赵景乾头也没抬,手指已经翻开了下一本折子:
"朕把这两本看完。"
老太监不敢再劝,退后半步,却也没走远,就站在原地候着。
赵景乾翻开手中那本折子,是苏瑾递上来的。
他一行一行看下去。
前半段,苏瑾写了清源县的流民安置和民生之变。
开荒垦田、修渠引水、水车日夜轮转、家家地窖堆满红薯。
写到这里,苏瑾特意批了一笔:
"臣初至清源,见城外棚户井然、市井有序,百姓面上不见寻常饥馑之地的菜色。
经询方知,县令刘大富寻得一物,名曰'红薯',耐旱耐瘠,不择水土,亩产十倍于五谷。
臣亲往田间查验,确如其言。此物若得朝廷推广天下,足以解万民饥馑,永绝流民之患。"
赵景乾的目光骤然钉在"亩产十倍于五谷"那行字上,脊背不自觉地挺得笔直。
他死死盯着那几行字看了好一会儿,忽然抬头,声音里带着连自己都没察觉的颤音:
"十倍?"
声音比平时高了大半截,惊得殿角的老太监肩膀一颤,差点没站稳。
赵景乾浑然未觉,又低下头去把那几行字重新看了一遍,确认自己没有看错,眼底骤然亮起一道极浓的光彩。

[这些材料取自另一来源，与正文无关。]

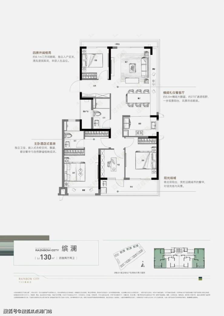 130㎡四房边厅: 270°全景飘窗:边套户型三面采光,客厅开间达6.6米,朋友聚会不憋屈;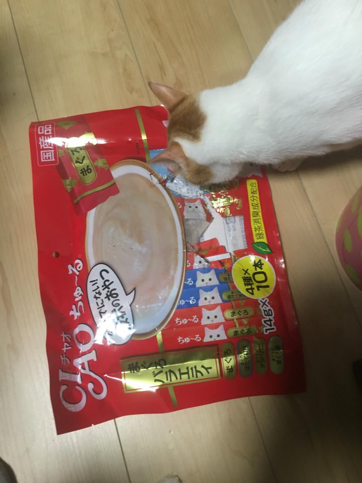 ムタ〔キジシロオス1歳〕は食いしん坊なのですが、棚の上に置いていたチュールをかじられました(^_^*)これはムタにかじられたチュールの袋です。見に来ているのはラム〔茶シロメス1歳〕です。両方とも食いしん坊です。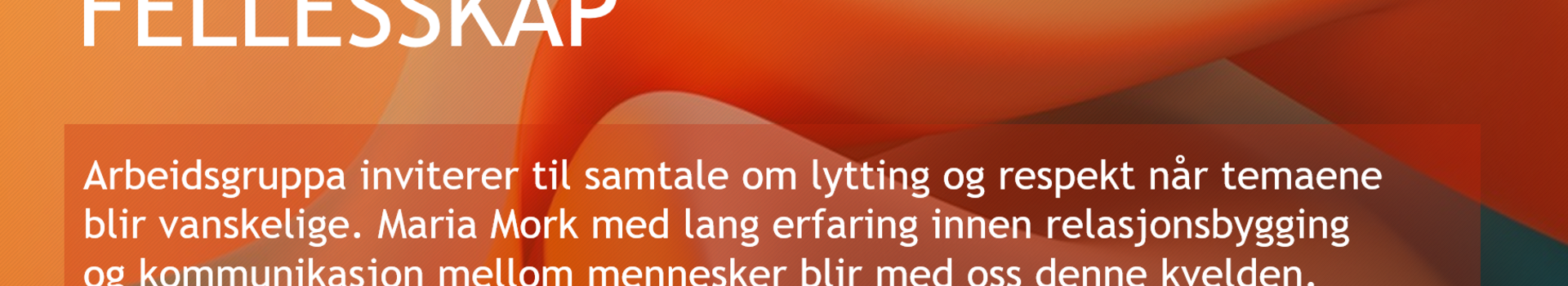 Arbeidsgruppa "Ærlig og inkluderende fellesskap" inviterer til andre samtalekveld torsdag 29. januar. Denne kvelden har vi med oss Maria Mork (Partolken) som vil innlede til samtale om kommunikasjon når temaene blir vanskelige.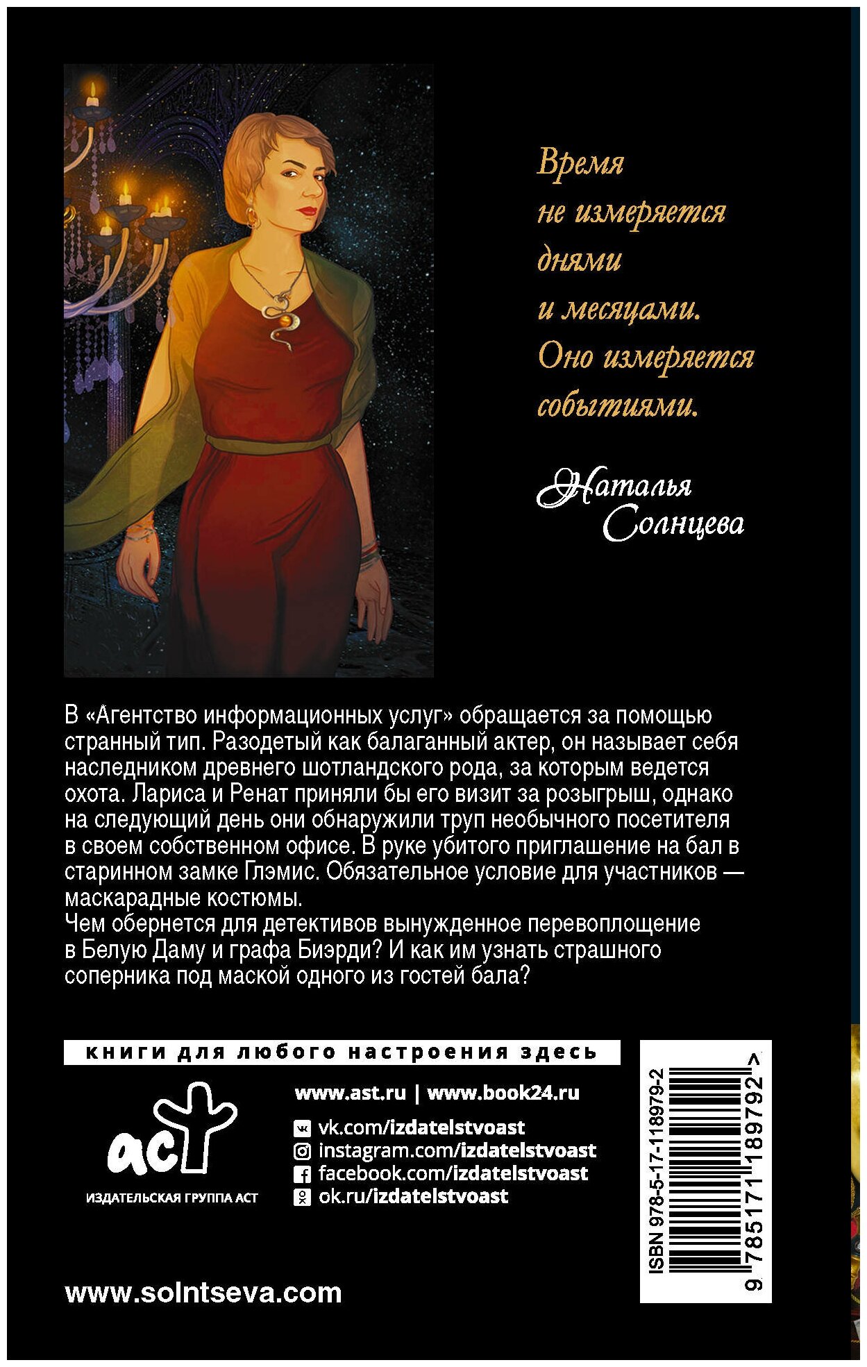В «Агентство информационных услуг» обращается за помощью странный тип. Разодетый как балаганный актер, он называет себя наследником древнего шотландского рода, за которым ведется охота. Лариса и Ренат приняли бы его визит за розыгрыш, однако на следующий день они обнаружили труп необычного посетителя в своем собственном офисе. В руке убитого приглашение на бал в старинном замке Глэмис. Обязательное условие для участников – маскарадные костюмы. Чем обернется для детективов вынужденное перевоплощение в Белую Даму и графа Биэрди? И как им узнать страшного соперника под маской одного из гостей бала?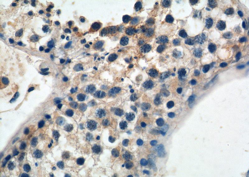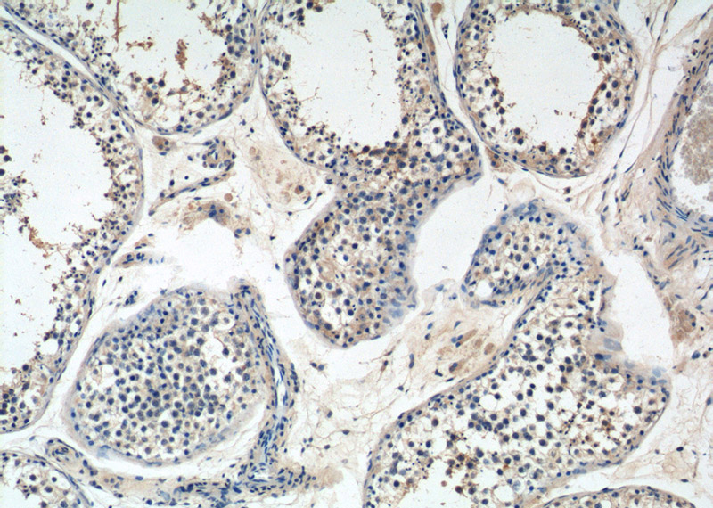 Immunohistochemistry of paraffin-embedded human testis tissue slide using Catalog No:116867(WDR40A Antibody) at dilution of 1:50 (under 40x lens)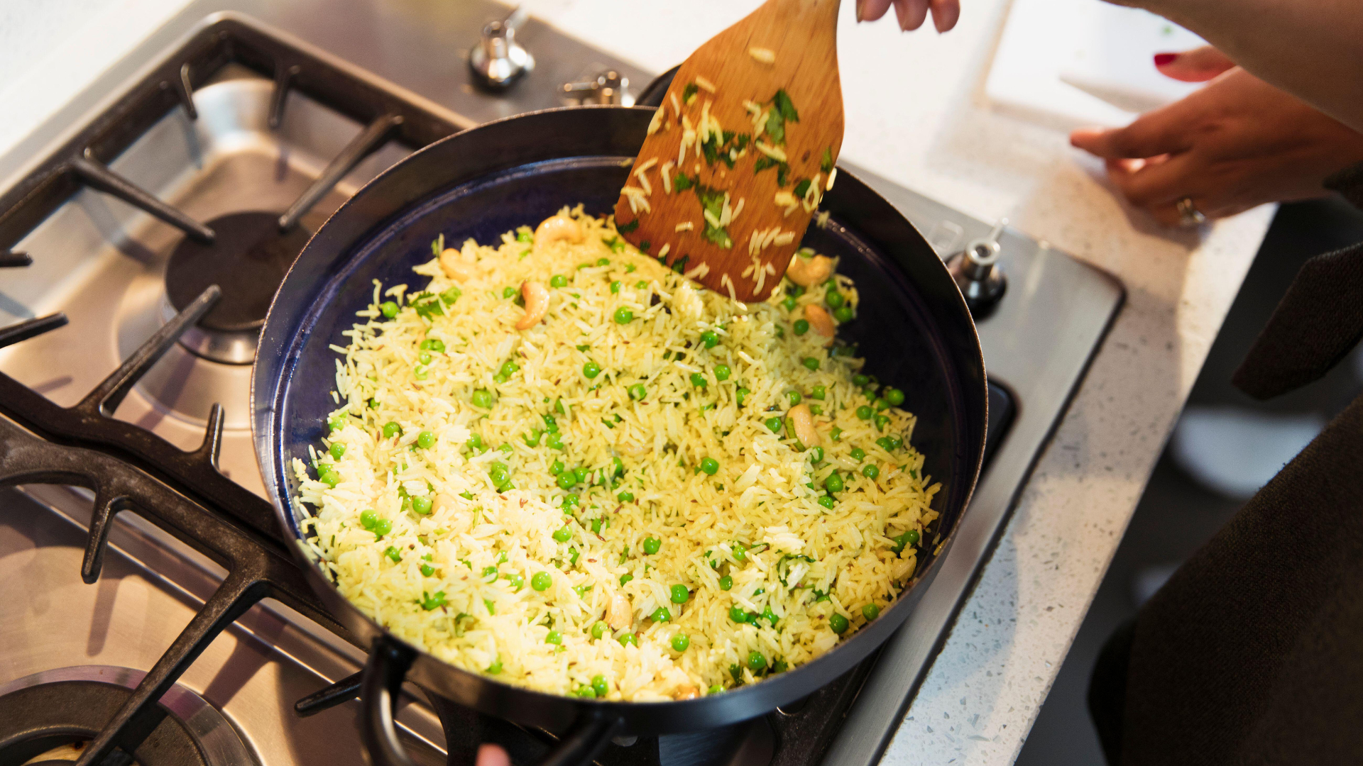 Еще один хитрый метод — это жарка. Причем сделать это можно прямо в кастрюле. Обжарьте крупу риса на масле перед тем, как заливать воду.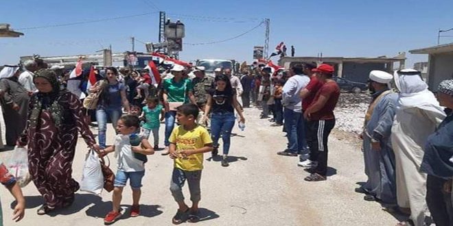 وعبر الأهالي عن شكرهم لمختلف الجهات والمنظمات الداعمة في تأمين عودتهم لقريتهم ومنازلهم بعد تأهيل المرافق الخدمية المتضررة بفعل الإرهاب مؤكدين اصرارهم على المساهمة في إعادة الإعمار والبناء ووقوفهم خلف قائدهم وجيشهم حتى تحرير كامل التراب السوري من دنس الإرهابيين.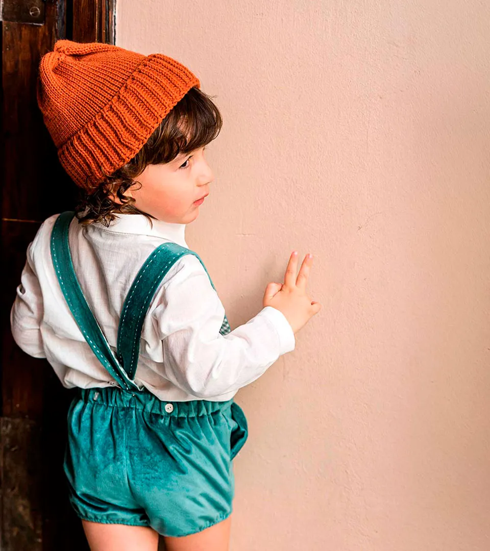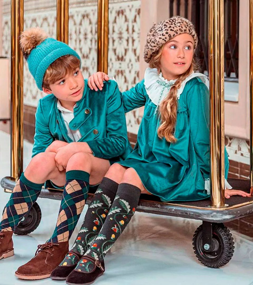 En la Colección destaca su alegre color verde confeccionada en un suave terciopelo con detalles muy artesanos.

他连喘了两口气,像是要把心里那股骤然涌上来的热意压下去,又低下头继续往下看。
后半段,苏瑾笔锋一转,写到了刘大富逾越之处。
私设营伍、自封属官、擅作主张。苏瑾写得克制,没有刻意渲染:
"此人于法度之外,行救民之实。其功其罪,非臣敢妄断,唯请陛下圣裁。"
再往下,苏瑾停了笔,折子的末尾换了一副笔意,语气陡然端正起来:
"臣奉旨巡边,若说流民安置、营伍整肃,是地方官吏之能事。
然红薯一物,亩产十倍、耐旱耐瘠、不择水土,若得陛下颁行天下,则大雍千百万饥民将永脱饿殍之苦。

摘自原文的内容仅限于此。